Most VPN clients set the tunnel interface MTU automatically. If yours does not, or if you are configuring a router-level VPN, set the tunnel MTU explicitly to 1420 as a safe starting point, then test with a large ping: ping -M do -s 1372 8.8.8.8 (Linux) or ping -f -l 1372 8.8.8.8 (Windows). The 1372 payload plus 28 bytes of ICMP+IP headers equals 1400, a safe probe size to confirm the tunnel is not fragmenting.
How to Diagnose MTU Problems
- Ping with DF bit: Use
ping -M do -s <size> <host>on Linux orping -f -l <size> <host>on Windows. Start at 1400 and increase until packets are dropped. The last working size plus 28 equals your effective PMTU. - Tracepath (Linux):
tracepath example.comreports the PMTU at each hop, making it easy to see exactly where the path narrows. - Wireshark / tcpdump: Filter for ICMP type 3 code 4 (fragmentation needed) or ICMPv6 type 2 (packet too big). If you see these and the sender is ignoring them, PMTUD is broken by a firewall.
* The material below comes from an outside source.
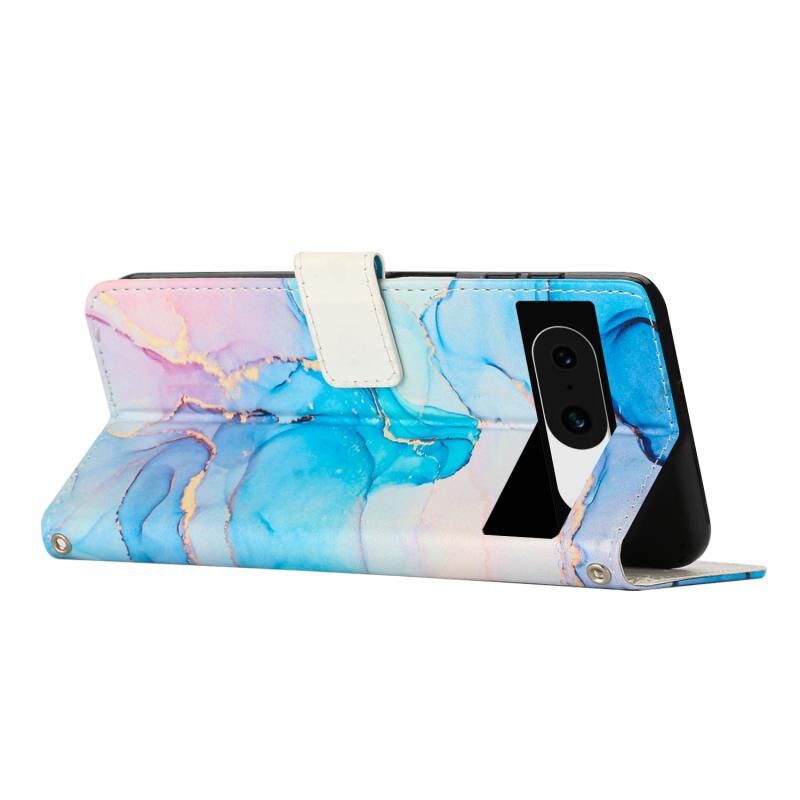 Θήκη τηλεφώνου από δέρμα με σχέδιο μαρμάρου ζωγραφισμένο για Google Pixel 8 (Ροζ Μωβ)

- Symptom pattern: If large transfers hang but small ones succeed, and a VPN or PPPoE connection is involved, MTU is almost certainly the cause.
When to Change MTU
- Your ISP or connection type specifically requires it — PPPoE connections almost always need 1492.
- A VPN vendor recommends a specific tunnel MTU for their protocol.
- Packet captures confirm fragmentation or black-hole PMTUD behavior.
- A controlled LAN segment (NAS, storage cluster) is designed end to end for jumbo frames.
- You are fixing a confirmed, diagnosed problem — not guessing at a speed optimization.
Lowering MTU as a general "speed tweak" on a working connection does not improve throughput and can hurt it by increasing the number of packets needed to transfer the same data.
Frequently Asked Questions
What does MTU stand for?
MTU stands for Maximum Transmission Unit. It is the largest packet size a network link can carry without needing fragmentation at that layer.
What is the normal Ethernet MTU?
Standard Ethernet commonly has a 1500-byte IP MTU. Jumbo frame networks use 9000 bytes, but every device in the path must support them or packets will be dropped.
Why do MTU problems affect VPNs?
VPN protocols add encapsulation headers — typically 40–80 bytes — which reduce the space available for the original packet. If the tunnel interface MTU is not reduced to account for this overhead, large packets will be dropped or fragmented, causing stalls and asymmetric failures.
What is an MTU black hole?
An MTU black hole occurs when a firewall blocks the ICMP "Fragmentation Needed" messages that Path MTU Discovery relies on. The sender keeps transmitting oversized packets, never receives feedback that they are being dropped, and the connection stalls silently. MSS clamping on the router is the standard workaround.